Rajeev Gupta, founder of advisory firm Arpwood Capital and former head of Carlyle India, feels if somebody looking to exit may postpone the plans and wait for the exchange scenario to improve in the near future. “It does cause people to pause and re-assess whether the price is acceptable or not. While PE firms do take this approach, it’s not really a show stopper for those sitting on significant returns,” he said.
A weak rupee impacts the potential returns on investments of a PE firm, which ideally expects an internal rate of return (IRR) of 20% and 25% or more. The rupee has depreciated significantly over the last few years from an average of 40.24 to a dollar in 2007-08 to an average of 58.16 in the current fiscal thus far.
Avinash Gupta, national leader and head - financial advisory services, Deloitte, said exit scenario is not deeply impacted by currency exchange rate.
“It is affected more with what is happening to the underlying businesses even before the currency has its own impact.
Besides, exit opportunities also play a significant role,” said Gupta.
Interestingly, while $100 billion of PE money has been invested across 5,500 deals or so, only 1,100 have returned 25% of the money. So there are 4,000 odd deals aggregating $75 billion that have not gone back, and the key reason is that the businesses have not performed well, said Gupta.
Considering that the rupee has depreciated 44.53% against the dollar during this period, PE firms wanting to exit will have to compromise on their IRR expectations in a big way. The only exception, however, would be those which invested at very lucrative levels and had carefully provisioned the forex impact.
Deepak Ladha, executive director, Ladderup Corporate Advisory, said, “Private equity exits would be affected as the returns in dollar terms would be much lower than in local currency terms owing to weak rupee. This directly impacts the returns generated by the general partners (GPs) for their limited partners (LPs).”

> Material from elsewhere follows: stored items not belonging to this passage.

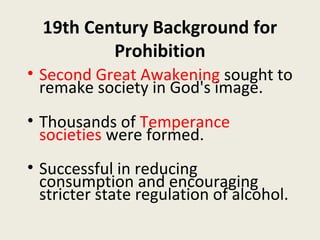 This document summarizes Prohibition in the United States and its repeal via the 21st Amendment. It discusses how the Temperance movement led to the 18th Amendment banning alcohol nationwide in 1919. Enforcement of Prohibition spawned organized crime groups like Al Capone's who profited from bootlegging. Prohibition became unenforceable with widespread corruption and deaths from illegal alcohol. It was repealed by the 21st Amendment in 1933 as the Great Depression increased demand for jobs and tax revenue from legal alcohol. Prohibition failed because it turned law-abiding citizens into criminals and was too difficult to enforce while empowering gangsters.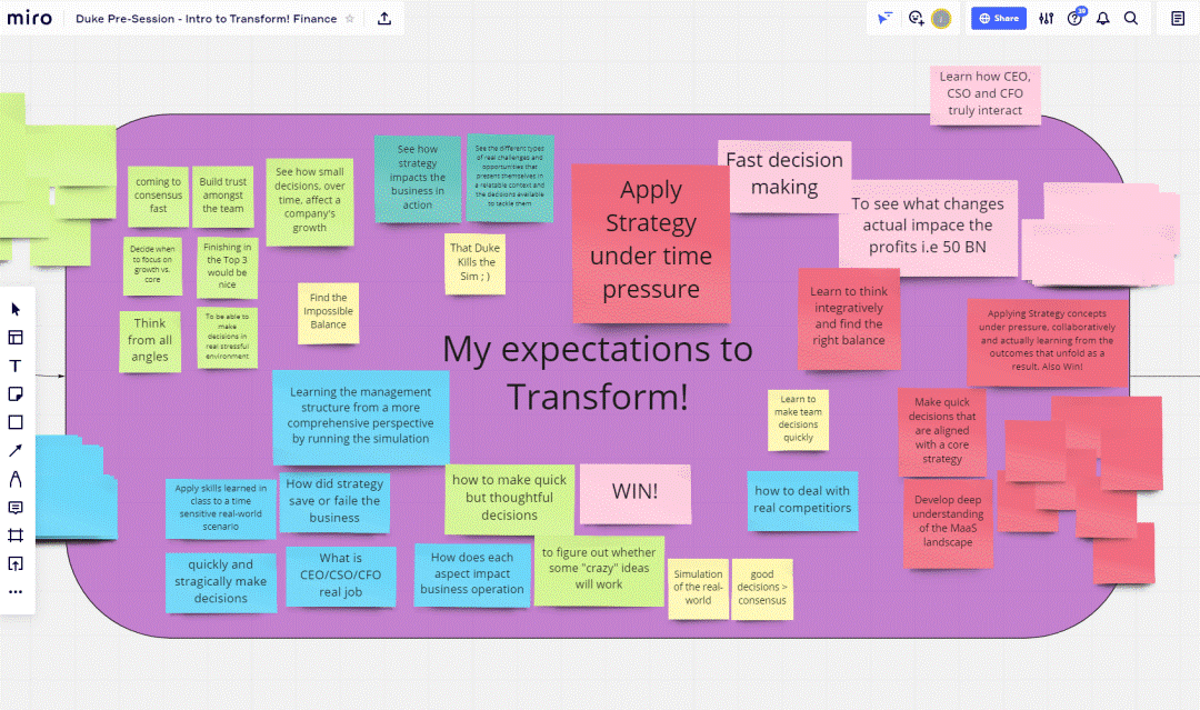 “Running Transform! with an active (internal) program co-facilitator delivered an improved experience. Professor O’Driscoll dug into the thinking process of the students and used the digital simulation as a platform to link multiple lessons and courses beautifully,” noted co-facilitator Enrico.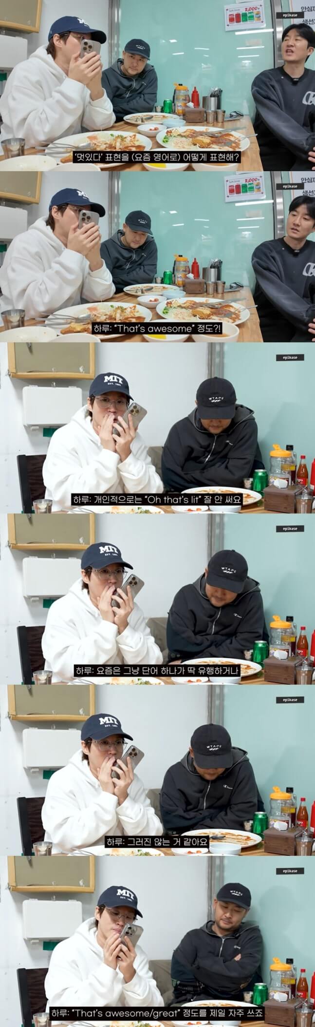 타블로는 "영어로 'Swag' 이제 아예 안 쓴다. 우리가 '따봉'하는 거랑 똑같다"며 지나간 유행어를 언급했다. 이에 투컷이 "요즘에 'Lit'(쩐다) 하지 않냐"고 묻자, 타블로는 "Lit도 이제 (안 쓴다). 아저씨"라며 질색해 웃음을 자아냈다.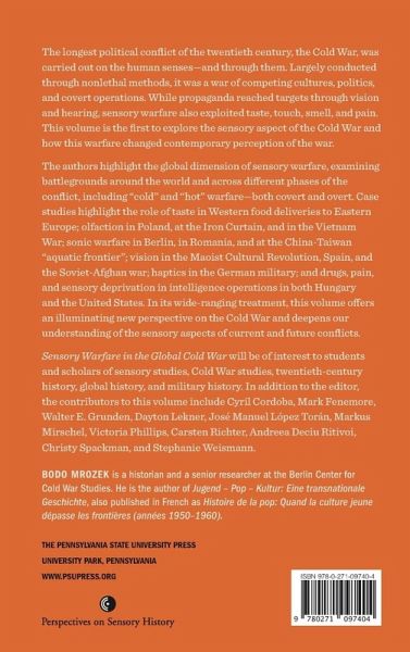 The longest political conflict of the twentieth century, the Cold War, was carried out on the human senses-and through them. Largely conducted through nonlethal methods, it was a war of competing cultures, politics, and covert operations. While propaganda reached targets through vision and hearing, sensory warfare also exploited taste, touch, smell, and pain. This volume is the first to explore the sensory aspect of the Cold War and how this warfare changed contemporary perception of the war. The authors highlight the global dimension of sensory warfare, examining battlegrounds around the world and across different phases of the conflict, including "cold" and "hot" warfare-both covert and overt. Case studies highlight the role of taste in Western food deliveries to Eastern Europe; olfaction in Poland, at the Iron Curtain, and in the Vietnam War; sonic warfare in Berlin, in Romania, and at the China-Taiwan "aquatic frontier"; vision in the Maoist Cultural Revolution, Spain, and the Soviet-Afghan war; haptics in the German military; and drugs, pain, and sensory deprivation in intelligence operations in both Hungary and the United States. In its wide-ranging treatment, this volume offers an illuminating new perspective on the Cold War and deepens our understanding of the sensory aspects of current and future conflicts. Sensory Warfare in the Global Cold War will be of interest to students and scholars of sensory studies, Cold War studies, twentieth-century history, and military history. In addition to the editor, the contributors to this volume include Cyril Cordoba, Mark Fenemore, Walter E. Grunden, Dayton Lekner, José Manuel López Torán, Markus Mirschel, Victoria Phillips, Carsten Richter, Andreea Deciu Ritivoi, Christy Spackman, and Stephanie Weismann.

LPs are large global investors or entities which invest in the funds raised by general partners (GPs) or PE firms, which, in turn, invest it in companies with the objective of returning the money to LPs with significant returns.
A senior official from a leading investment advisory firm said whether to exit the investment or wait for an opportune time is certainly playing on the back of PE firms’ minds.
“It’s a very challenging scenario and investment firms are being very careful in their approach. Profitable exits have always been a huge problem in India and a weak rupee is only making things more difficult by impacting margins,” said the official.
The decision to exit, experts said, is based on many factors – most important being the life of the fund and the cushion that the fund has in terms of remaining years before the close of the fund.
In case the fund life is coming to a close, the PE firm is left with very little option and is forced to go ahead with the exit.